RECORDS FOR THE TASK:
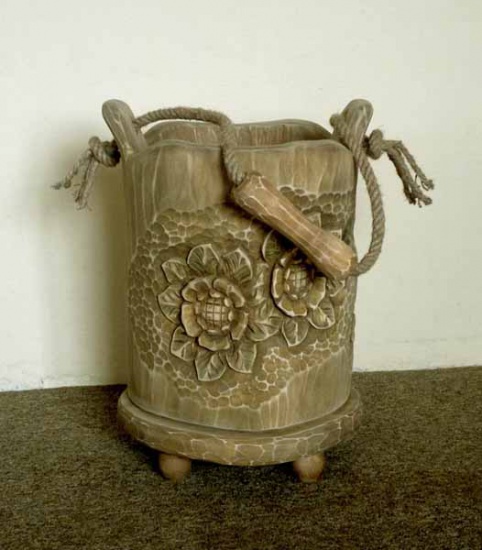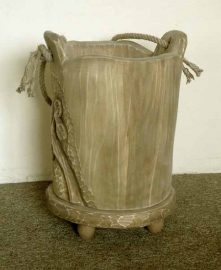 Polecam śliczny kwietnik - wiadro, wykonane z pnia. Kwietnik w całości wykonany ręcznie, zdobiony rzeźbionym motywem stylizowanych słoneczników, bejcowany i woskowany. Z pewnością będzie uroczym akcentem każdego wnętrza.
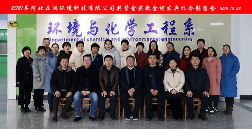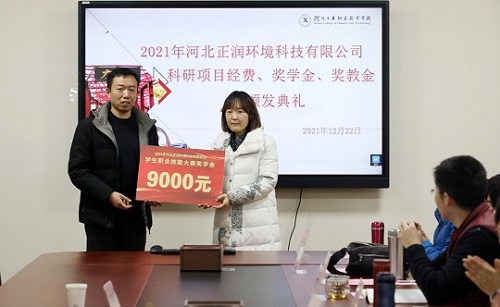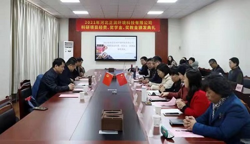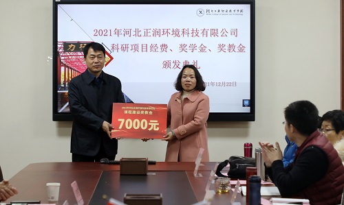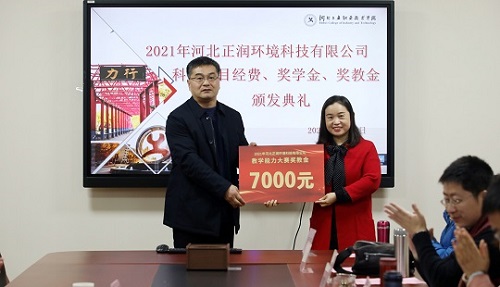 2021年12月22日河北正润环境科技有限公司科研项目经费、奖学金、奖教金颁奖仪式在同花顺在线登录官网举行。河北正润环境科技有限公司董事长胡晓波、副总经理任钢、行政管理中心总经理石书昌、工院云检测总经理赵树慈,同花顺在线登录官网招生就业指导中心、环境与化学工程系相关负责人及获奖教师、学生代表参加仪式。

==

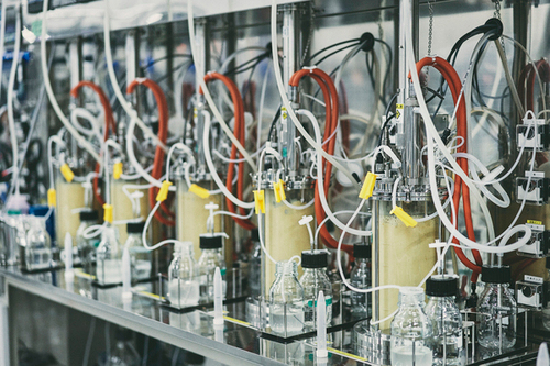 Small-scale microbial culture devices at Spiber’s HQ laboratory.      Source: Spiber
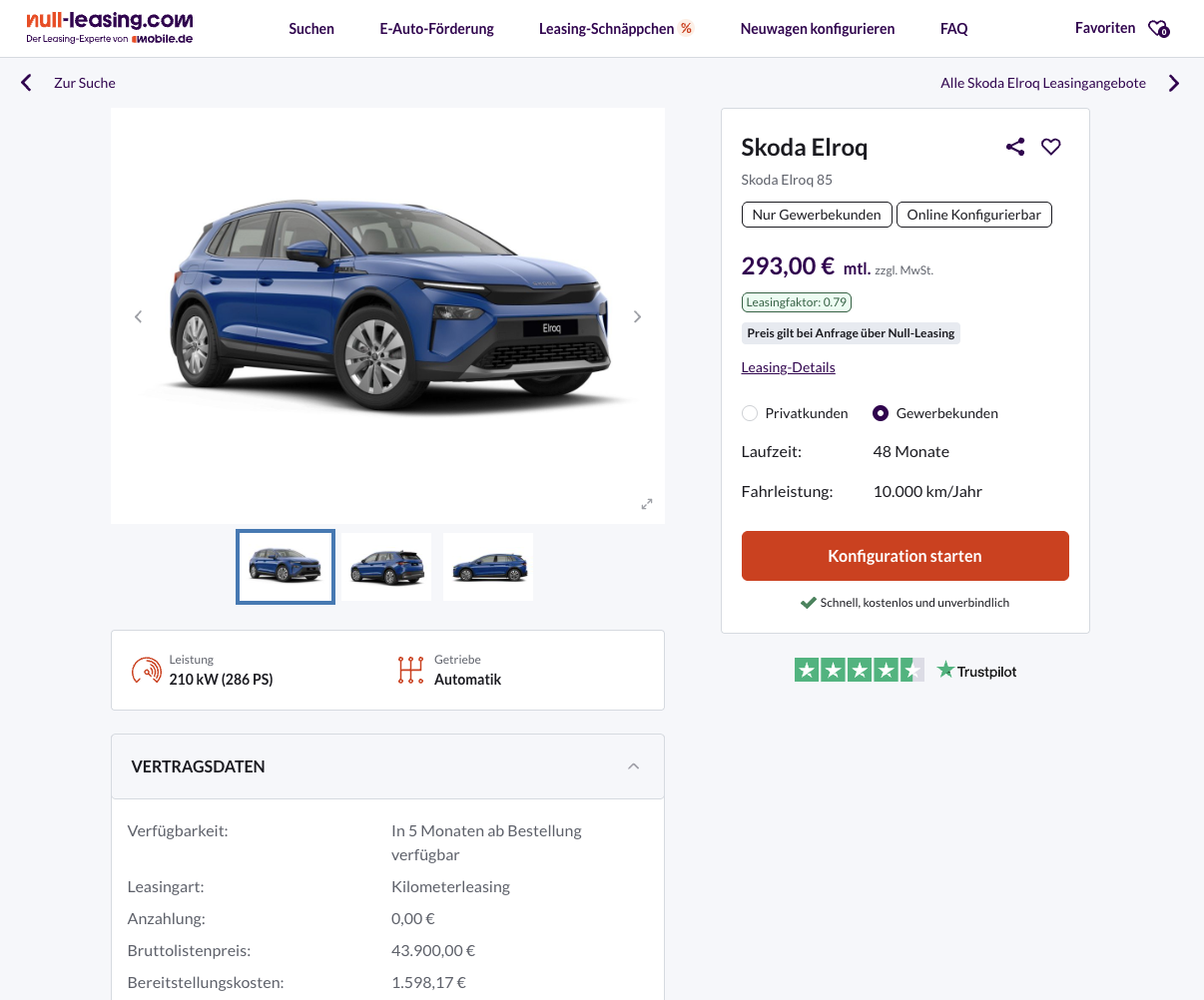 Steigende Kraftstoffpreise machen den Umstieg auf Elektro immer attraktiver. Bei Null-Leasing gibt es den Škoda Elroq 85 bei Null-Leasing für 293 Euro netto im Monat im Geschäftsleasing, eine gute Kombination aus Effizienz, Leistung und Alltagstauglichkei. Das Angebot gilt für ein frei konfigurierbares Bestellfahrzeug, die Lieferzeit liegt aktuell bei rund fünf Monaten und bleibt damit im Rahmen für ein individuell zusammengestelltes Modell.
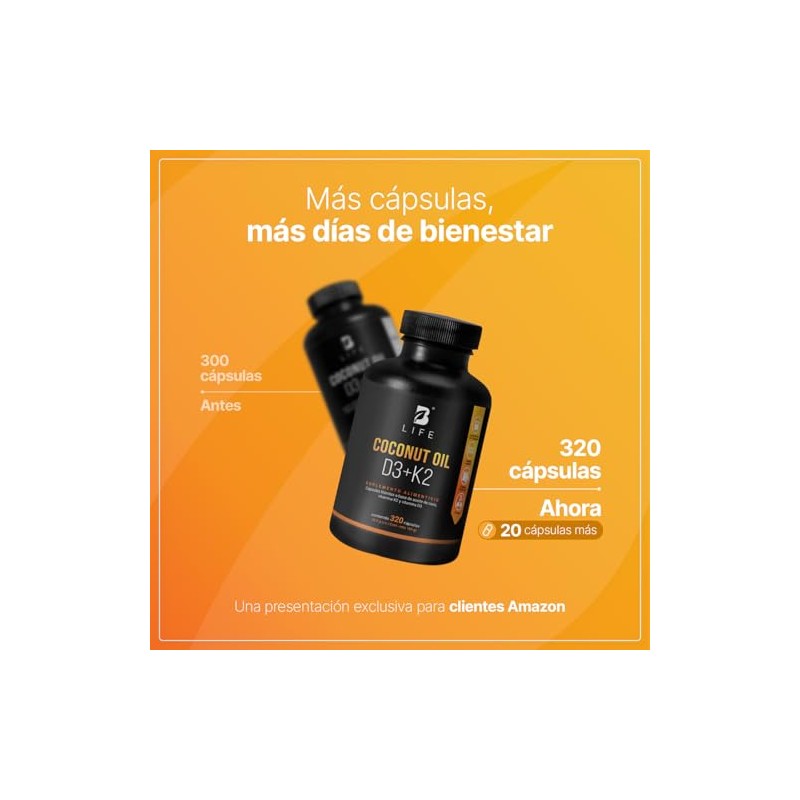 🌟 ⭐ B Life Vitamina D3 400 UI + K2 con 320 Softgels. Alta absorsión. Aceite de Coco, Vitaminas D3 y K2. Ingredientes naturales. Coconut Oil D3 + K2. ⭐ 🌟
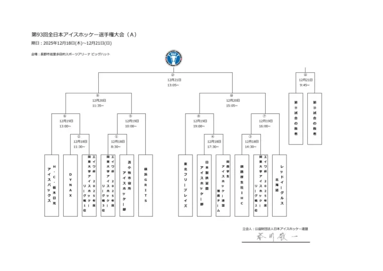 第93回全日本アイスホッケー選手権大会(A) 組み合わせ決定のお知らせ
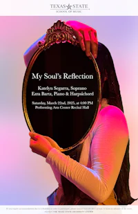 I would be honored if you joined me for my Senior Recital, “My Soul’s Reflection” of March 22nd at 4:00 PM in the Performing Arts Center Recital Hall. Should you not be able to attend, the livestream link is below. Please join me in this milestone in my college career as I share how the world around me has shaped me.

---

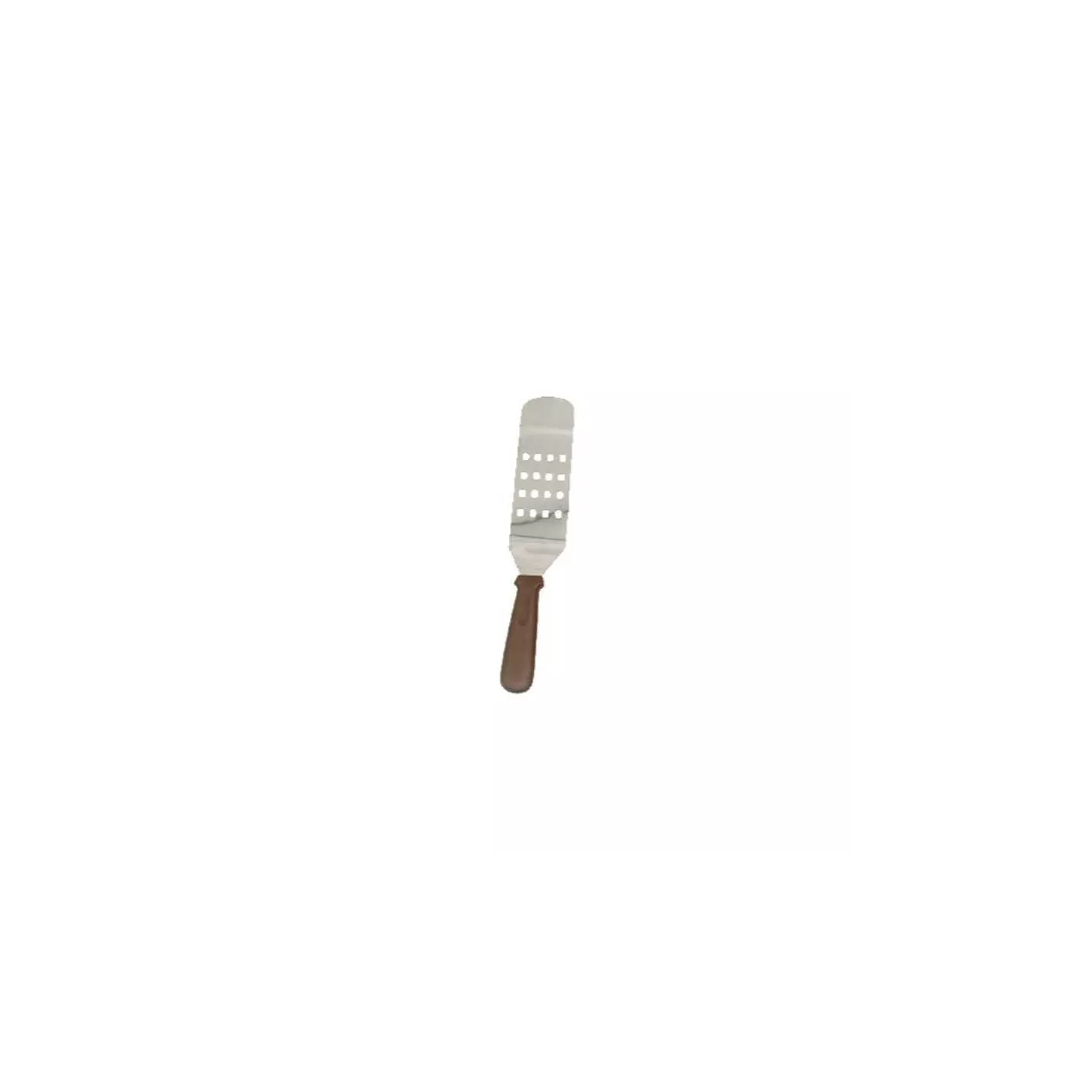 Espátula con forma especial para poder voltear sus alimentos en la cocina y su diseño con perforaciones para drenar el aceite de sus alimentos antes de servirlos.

ACTION ITEM: Output exactly the lines of the listing above that start with the one holding "Polecam śliczny kwietnik" and go on through the one holding "2021年12月22日河北正"; leave the pictures out.

ANSWER FOR THIS EXERCISE:
 Polecam śliczny kwietnik - wiadro, wykonane z pnia. Kwietnik w całości wykonany ręcznie, zdobiony rzeźbionym motywem stylizowanych słoneczników, bejcowany i woskowany. Z pewnością będzie uroczym akcentem każdego wnętrza.
 2021年12月22日河北正润环境科技有限公司科研项目经费、奖学金、奖教金颁奖仪式在同花顺在线登录官网举行。河北正润环境科技有限公司董事长胡晓波、副总经理任钢、行政管理中心总经理石书昌、工院云检测总经理赵树慈,同花顺在线登录官网招生就业指导中心、环境与化学工程系相关负责人及获奖教师、学生代表参加仪式。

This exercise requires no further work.